SETTING: University and teaching hospital in Rio de Janeiro, Brazil, a city with a high prevalence of tuberculosis (TB).

OBJECTIVE: To determine whether medical students are at increased risk of nosocomial transmission of Mycobacterium tuberculosis relative to other university students.

DESIGN: A cross-sectional study of medical and chemical engineering students in different levels of their training programmes. Information about socio-demographic characteristics, BCG vaccination history, and potential exposures to TB were obtained using a standardised questionnaire. Tuberculin skin testing (TST) was used to determine the prevalence of infection with TB.

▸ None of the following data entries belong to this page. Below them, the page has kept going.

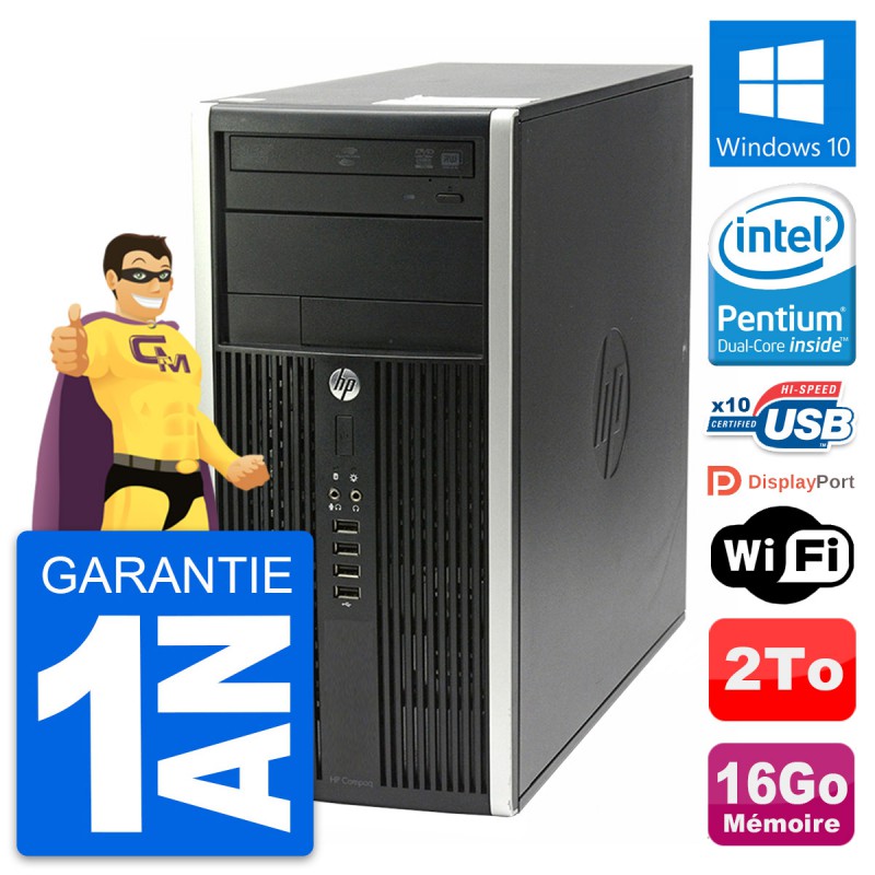 PC Tour HP Compaq Pro 6200 CMT (Micro Tour) - Intel Pentium Dual-Core G630 2.7 Ghz (3 Mo) - 16 Go DDR3 - Disque Dur 3,5" 2 To - Graveur DVD - Clef Wifi USB - Windows 10 - Garantie 1 an.
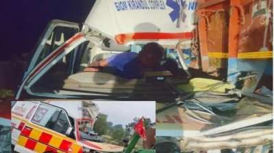 तेज रफ्तार एंबुलेंस ने ट्रक को मारी टक्कर, हादसे में डॉक्टर और ड्रेसर की मौत, छह लोग घायल
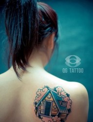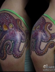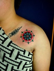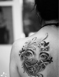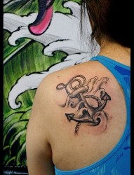 女人肩背时尚经典的鲨鱼船舵纹身图片
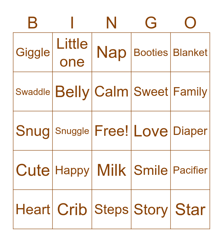 This bingo card has a free space and 70 words: Baby, Diaper, Bottle, Bib, Crib, Rattle, Booties, Wipes, Blanket, Onesie, Pacifier, Cuddle, Giggle, Nap, Burp, Snuggle, Milk, Sweet, Tiny, Cute, Love, Smile, Family, Dream, Blessing, Sleep, Hugs, Kisses, Story, Lullaby, Little one, Bundle, Joy, Laugh, Stork, Duck, Toy, Car seat, Socks, Swaddle, Soft, Happy, Star, Glow, Tummy, Belly, Heart, Nest, Cloud, Moon, Sunshine, Magic, Wishes, Grow, Steps, Flutter, Calm, Lovebug, Hopes, Cherish, Snug, Peace, Yawn, Warm, Cozy, Cradle, Shower, Gift, New life and Miracle.
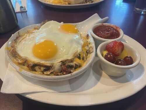 日本出張が長くなると、この朝ごはんを食べたくなることがよくある。 スケレット(Skillet)です。 鉄製のフライパンに、ベーコンを炒めて、じゃがいも、パプリカ、玉ねぎ、ハム、マッシュルームズッキーニ等々の野菜(店によって入る野菜は違う)を塩胡椒し…
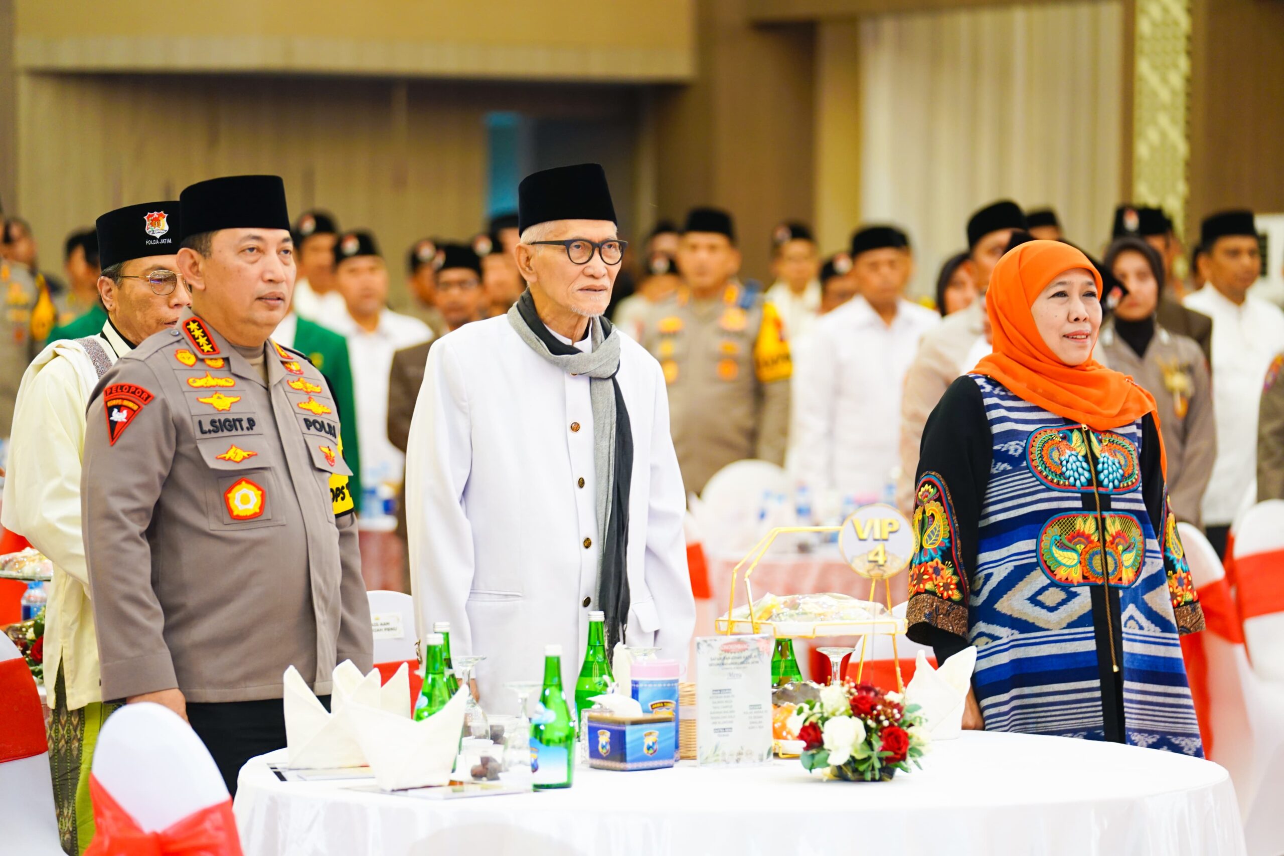 Media Bangsa – Gubernur Jawa Timur Khofifah Indar Parawansa bersama Kapolri Jenderal Pol Listyo Sigit Prabowo, Kapolda Jatim Irjen Pol Nanang Novianto, sejumlah Ulama dan Elemen Masyarakat buka puasa bersama Ulama dan Elemen Madyarakat Jawa Timur bertajuk Safari Ramadhan di Gedung Mahameru, Mapolda Jatim, Surabaya, Kamis (20/3).
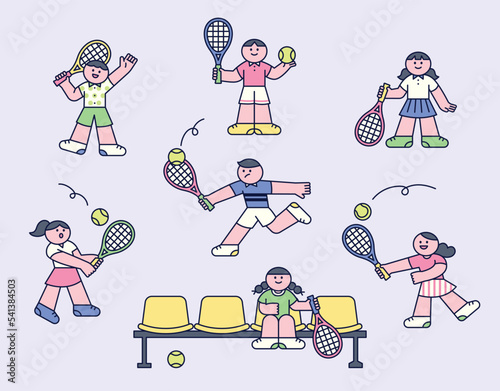 Cute characters in tennis uniforms are playing tennis. flat vector illustration.

RESULTS: Medical students have an increasing prevalence of TST positivity as they advance in their training programme to increasing levels of study (4.6%, 7.8%, 16.2%, respectively, P < 0.001), but chemical engineering students do not (4.2%, 4.3%, 4.4%, respectively, P = 0.913). The risks are greatest during the years of clinical training, when medical students have increased contact with patients.

CONCLUSIONS: Medical students in this setting may be at increased risk of M. tuberculosis infection, relative to chemical engineering students. A programme of routine tuberculin skin testing is needed, combined with interventions to reduce the risk of nosocomial transmission in the workplace.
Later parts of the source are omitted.